A chain reaction follows where value flows from prey to predator. And the victims are not just buyers, but just as often employees, investors, and other stakeholders. As you will see in this article, some victims recover, but for others, the damage can be permanent.

Scammers have low barriers to entry. They need to concoct a scheme and have immunity to shame. Then, they must stack information to their advantage – a skill humans cultivate early in life. Finally, they need access to vulnerable people. Voila! A scam is born. Notably, investment capital isn’t always required.

Low barriers and easy access to victims are why there is a bottomless well of candidates for the Annual Sales Ethics Hall of Shame. And lately, defanged consumer protections have added to the community. Don’t get me started.

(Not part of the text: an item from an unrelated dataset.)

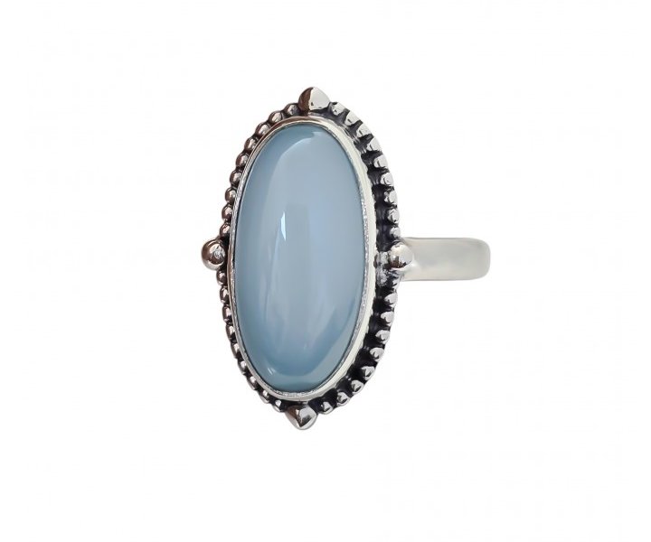 Sortija plata de ley 925 (21mm x 11mm) oxidada con piedra natural (16mm x 8mm). Calcedonia azul

Companies inducted into The Hall satisfy three criteria:

  1. The primary purpose of the enterprise cannot be to sell an illegal product or service, like crystal meth or human trafficking.
  2. More than one employee must be involved in unethical activity. Scams involving a single, rogue employee are not eligible.
  3. The deceit must be systemic.

In 2017, a new-old revelation emerged from the muck: a network of executives and investors enriched themselves by exploiting women. They caused or allowed unspeakable human suffering. In particular, three “superstar rainmakers,” Harvey Weinstein (The Weinstein Companies), Bill O’Reilly (Fox News), and Paul Parilla (USA Gymnastics) – sat protected in their offices drawing outsize paychecks, smugly confident their behavior was unassailable for as long as they kept their cash machines humming. They were right, until they were outed by their victims. Business ethics aren’t available in a more revolting variety.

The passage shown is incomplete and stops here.